### ACTION ITEM
From the line containing "Structure and parameters" to the line containing "पार्किङलाई व्यवस्थित गर्न" in the records below, set down every line exactly as it stands, both ends included, and skip the pictures.

*-*-*

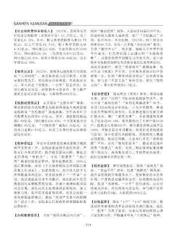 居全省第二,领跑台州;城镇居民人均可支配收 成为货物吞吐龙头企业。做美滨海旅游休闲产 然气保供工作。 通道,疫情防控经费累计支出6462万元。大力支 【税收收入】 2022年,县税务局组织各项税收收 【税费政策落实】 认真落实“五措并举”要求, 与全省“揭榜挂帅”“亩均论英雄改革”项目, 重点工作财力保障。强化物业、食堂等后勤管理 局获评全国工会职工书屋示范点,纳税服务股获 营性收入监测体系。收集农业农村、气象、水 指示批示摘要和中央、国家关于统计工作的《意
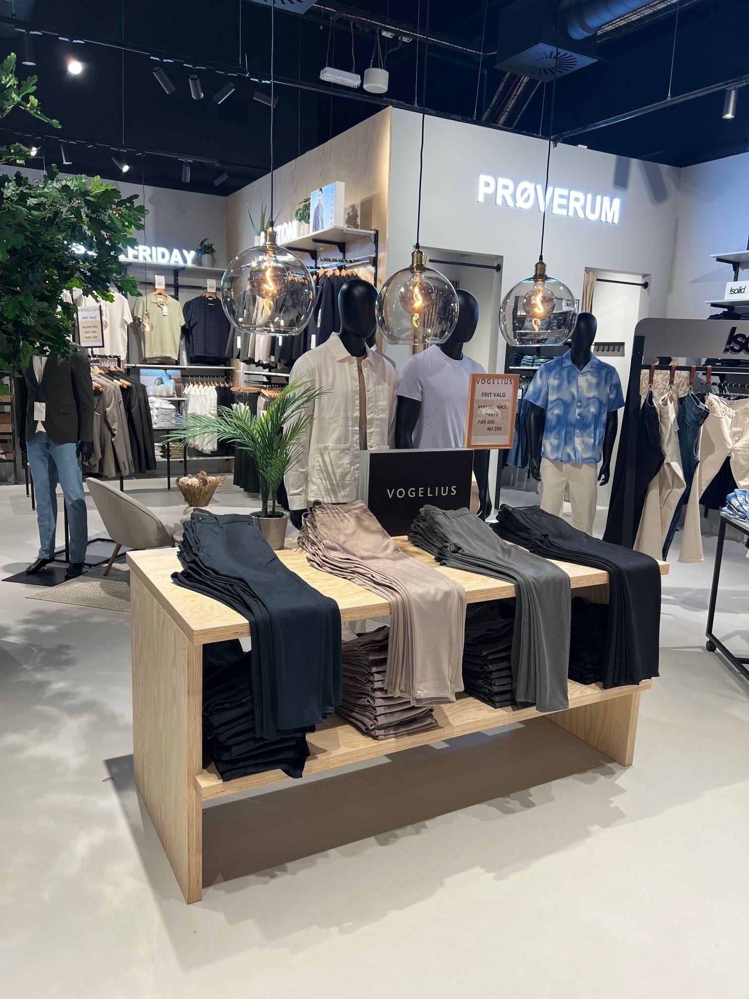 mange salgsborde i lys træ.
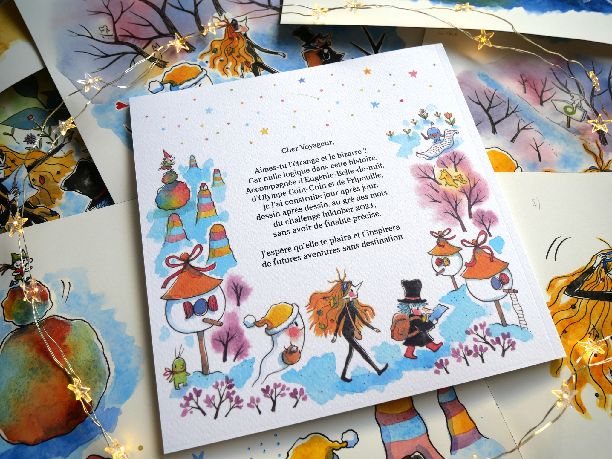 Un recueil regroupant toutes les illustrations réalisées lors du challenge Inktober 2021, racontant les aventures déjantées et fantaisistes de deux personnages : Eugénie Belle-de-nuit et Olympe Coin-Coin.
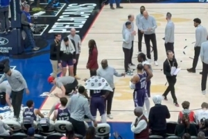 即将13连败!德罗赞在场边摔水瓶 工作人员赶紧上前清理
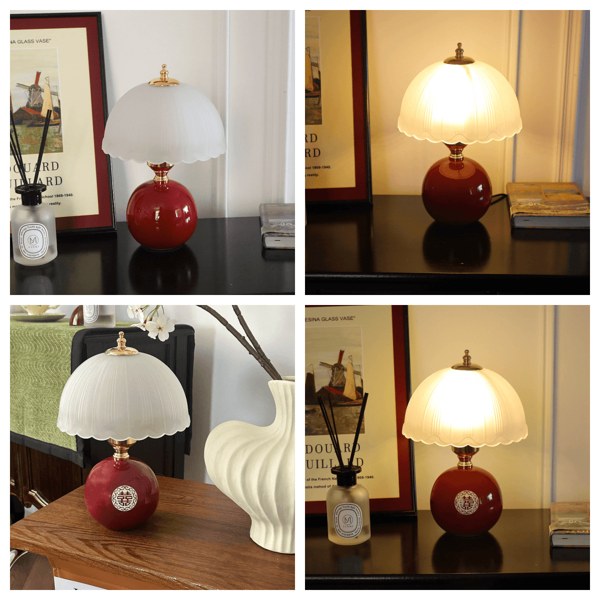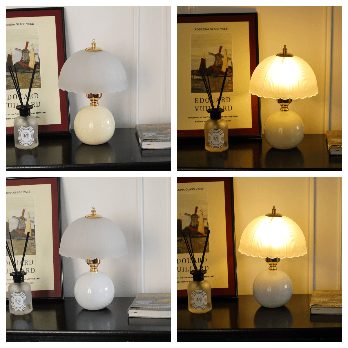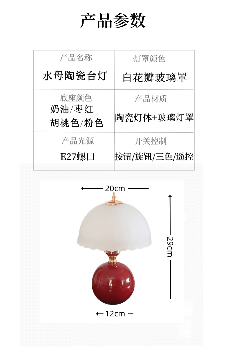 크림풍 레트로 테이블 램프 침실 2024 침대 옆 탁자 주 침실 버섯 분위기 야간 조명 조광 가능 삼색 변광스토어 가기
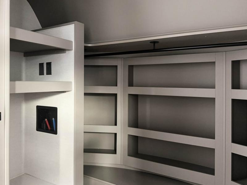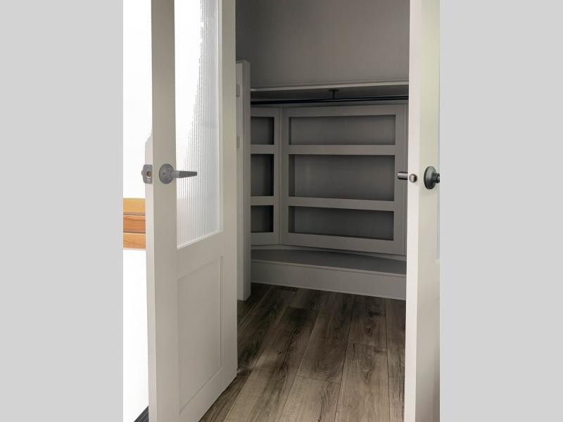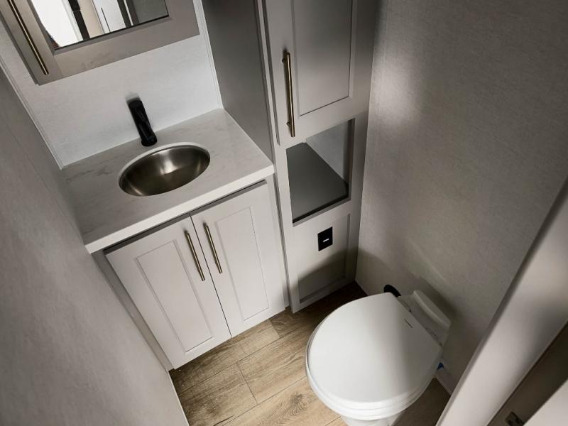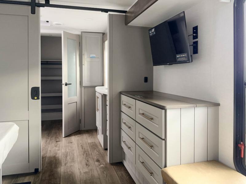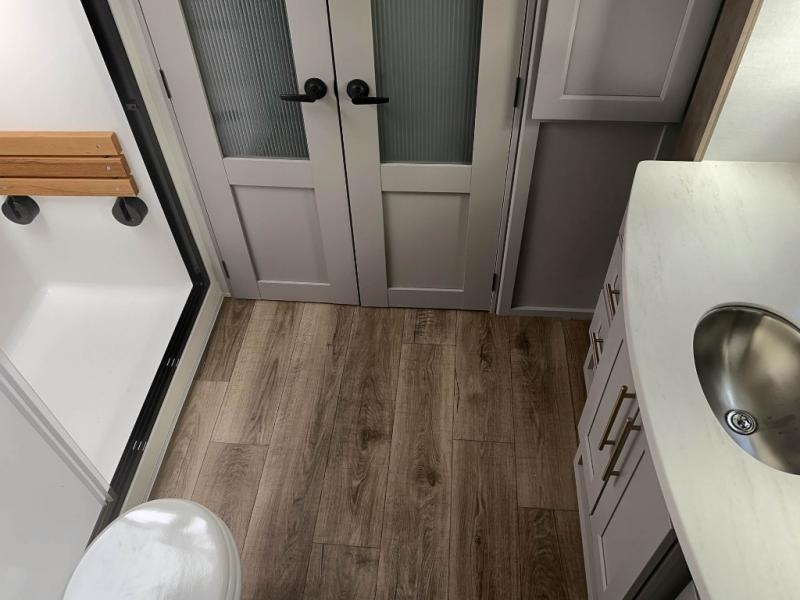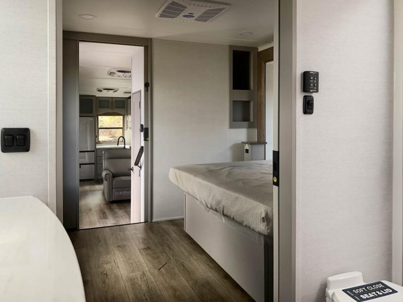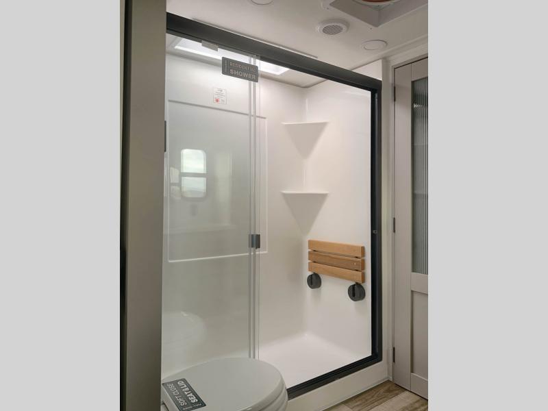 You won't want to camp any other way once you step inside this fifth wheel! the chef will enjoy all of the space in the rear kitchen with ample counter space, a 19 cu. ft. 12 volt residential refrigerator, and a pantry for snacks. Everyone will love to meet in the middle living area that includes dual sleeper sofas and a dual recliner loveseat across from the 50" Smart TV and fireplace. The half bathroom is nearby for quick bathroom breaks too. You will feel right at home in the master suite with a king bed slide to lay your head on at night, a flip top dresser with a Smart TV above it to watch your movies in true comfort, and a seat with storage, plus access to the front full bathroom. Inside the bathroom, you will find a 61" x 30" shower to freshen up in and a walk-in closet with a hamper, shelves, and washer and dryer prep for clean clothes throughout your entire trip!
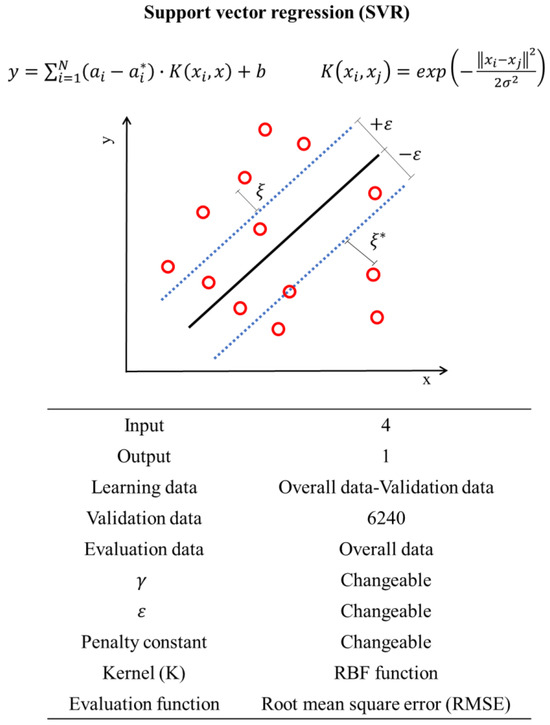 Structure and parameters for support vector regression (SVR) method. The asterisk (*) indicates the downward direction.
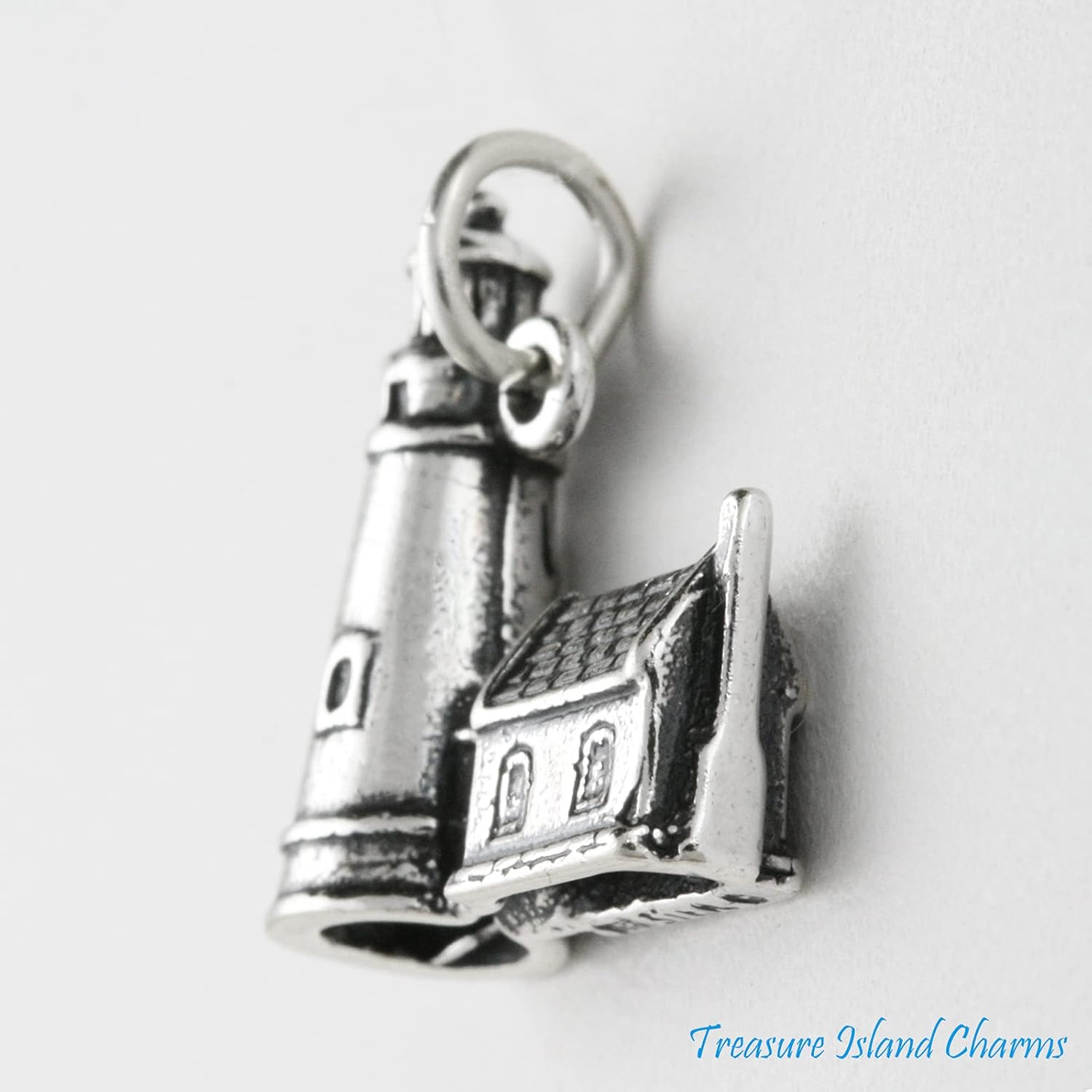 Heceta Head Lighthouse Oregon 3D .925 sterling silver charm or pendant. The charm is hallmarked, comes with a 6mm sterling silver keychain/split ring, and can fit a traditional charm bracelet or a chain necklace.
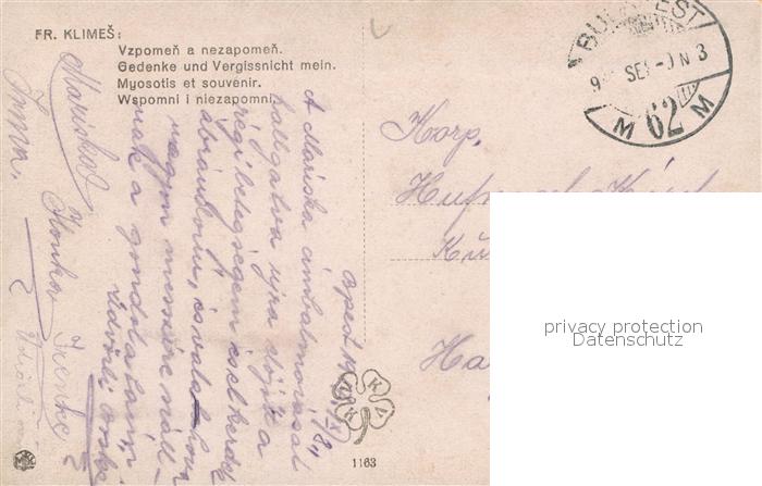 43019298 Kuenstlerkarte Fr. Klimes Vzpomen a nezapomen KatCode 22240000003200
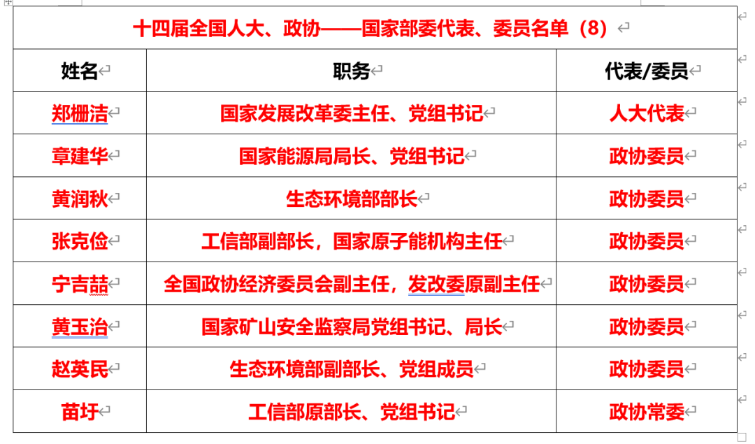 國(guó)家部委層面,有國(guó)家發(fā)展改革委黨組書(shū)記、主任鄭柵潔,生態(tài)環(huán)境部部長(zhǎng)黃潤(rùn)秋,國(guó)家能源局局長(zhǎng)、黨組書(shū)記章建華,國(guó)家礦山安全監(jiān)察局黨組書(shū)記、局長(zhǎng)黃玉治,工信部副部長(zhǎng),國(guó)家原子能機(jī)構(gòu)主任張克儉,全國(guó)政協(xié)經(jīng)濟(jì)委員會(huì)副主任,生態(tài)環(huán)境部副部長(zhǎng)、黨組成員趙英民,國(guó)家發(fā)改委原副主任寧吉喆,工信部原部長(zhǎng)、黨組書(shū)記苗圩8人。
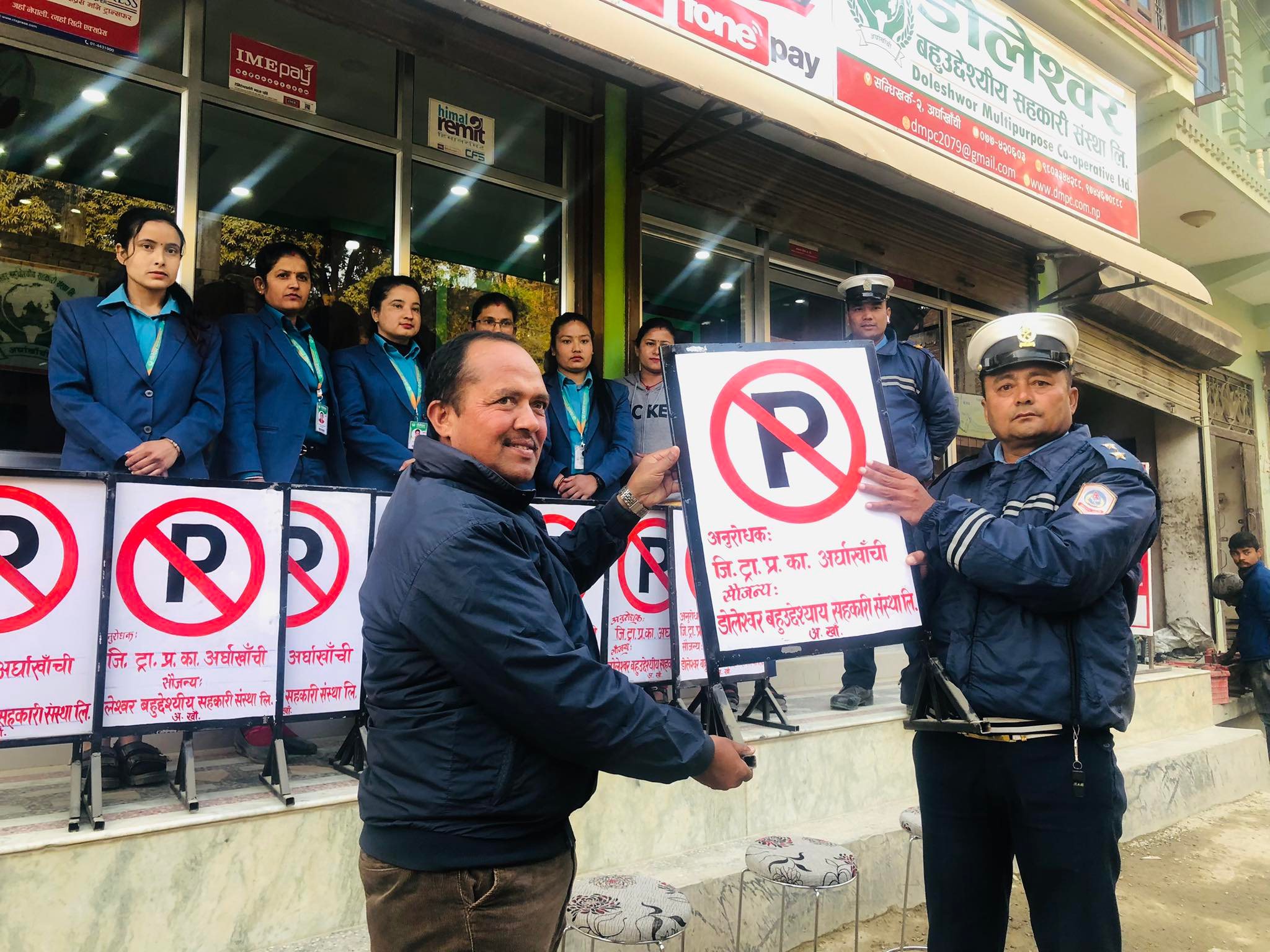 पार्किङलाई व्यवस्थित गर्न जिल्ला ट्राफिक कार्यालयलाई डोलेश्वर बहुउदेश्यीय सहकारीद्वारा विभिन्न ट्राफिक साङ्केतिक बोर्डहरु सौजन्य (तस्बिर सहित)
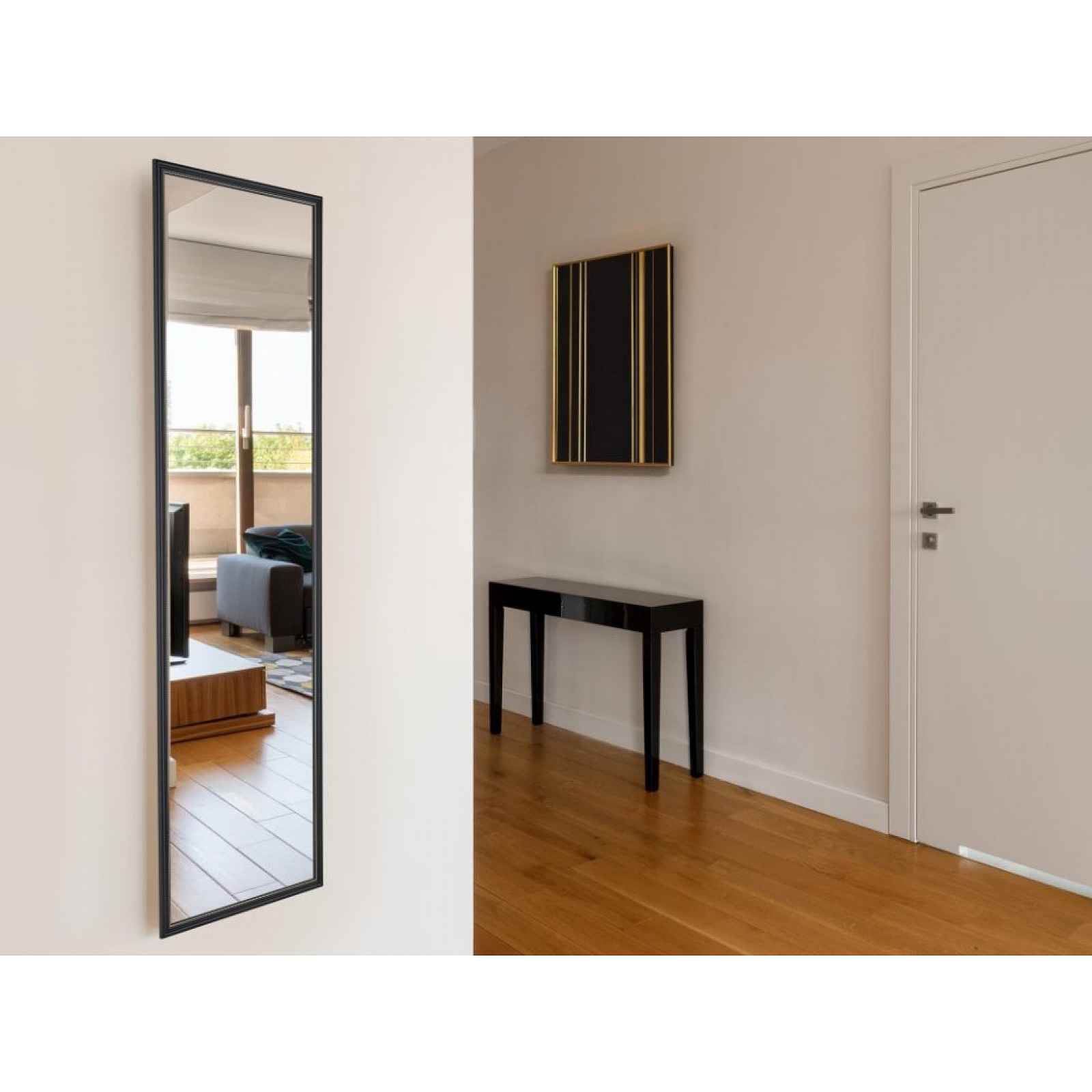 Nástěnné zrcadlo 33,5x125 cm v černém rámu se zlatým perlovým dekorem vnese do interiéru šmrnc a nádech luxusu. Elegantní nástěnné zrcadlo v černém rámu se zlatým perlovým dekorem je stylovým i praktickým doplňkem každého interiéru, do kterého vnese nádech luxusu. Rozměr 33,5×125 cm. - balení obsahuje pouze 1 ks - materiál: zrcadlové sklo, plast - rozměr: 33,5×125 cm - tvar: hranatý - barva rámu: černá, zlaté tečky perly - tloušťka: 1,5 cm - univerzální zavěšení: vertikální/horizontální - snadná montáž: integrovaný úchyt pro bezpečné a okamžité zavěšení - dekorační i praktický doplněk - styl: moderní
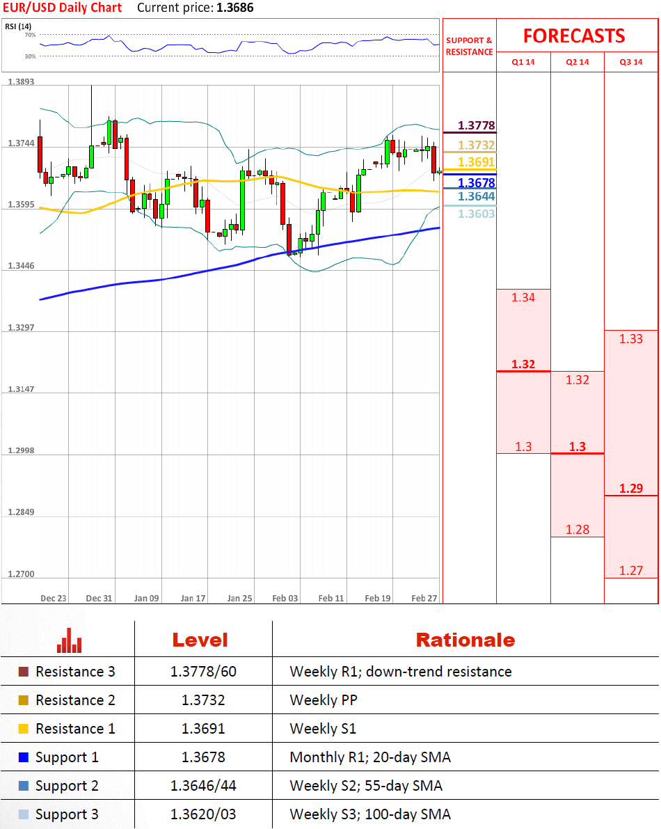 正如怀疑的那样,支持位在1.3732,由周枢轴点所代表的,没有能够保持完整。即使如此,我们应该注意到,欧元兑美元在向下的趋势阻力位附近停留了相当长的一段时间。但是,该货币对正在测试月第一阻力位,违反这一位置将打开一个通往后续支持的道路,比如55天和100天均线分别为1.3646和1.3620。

*-*-*

### ANSWER TO THIS PROBLEM
 Structure and parameters for support vector regression (SVR) method. The asterisk (*) indicates the downward direction.
 Heceta Head Lighthouse Oregon 3D .925 sterling silver charm or pendant. The charm is hallmarked, comes with a 6mm sterling silver keychain/split ring, and can fit a traditional charm bracelet or a chain necklace.
 43019298 Kuenstlerkarte Fr. Klimes Vzpomen a nezapomen KatCode 22240000003200
 國(guó)家部委層面,有國(guó)家發(fā)展改革委黨組書(shū)記、主任鄭柵潔,生態(tài)環(huán)境部部長(zhǎng)黃潤(rùn)秋,國(guó)家能源局局長(zhǎng)、黨組書(shū)記章建華,國(guó)家礦山安全監(jiān)察局黨組書(shū)記、局長(zhǎng)黃玉治,工信部副部長(zhǎng),國(guó)家原子能機(jī)構(gòu)主任張克儉,全國(guó)政協(xié)經(jīng)濟(jì)委員會(huì)副主任,生態(tài)環(huán)境部副部長(zhǎng)、黨組成員趙英民,國(guó)家發(fā)改委原副主任寧吉喆,工信部原部長(zhǎng)、黨組書(shū)記苗圩8人。
 पार्किङलाई व्यवस्थित गर्न जिल्ला ट्राफिक कार्यालयलाई डोलेश्वर बहुउदेश्यीय सहकारीद्वारा विभिन्न ट्राफिक साङ्केतिक बोर्डहरु सौजन्य (तस्बिर सहित)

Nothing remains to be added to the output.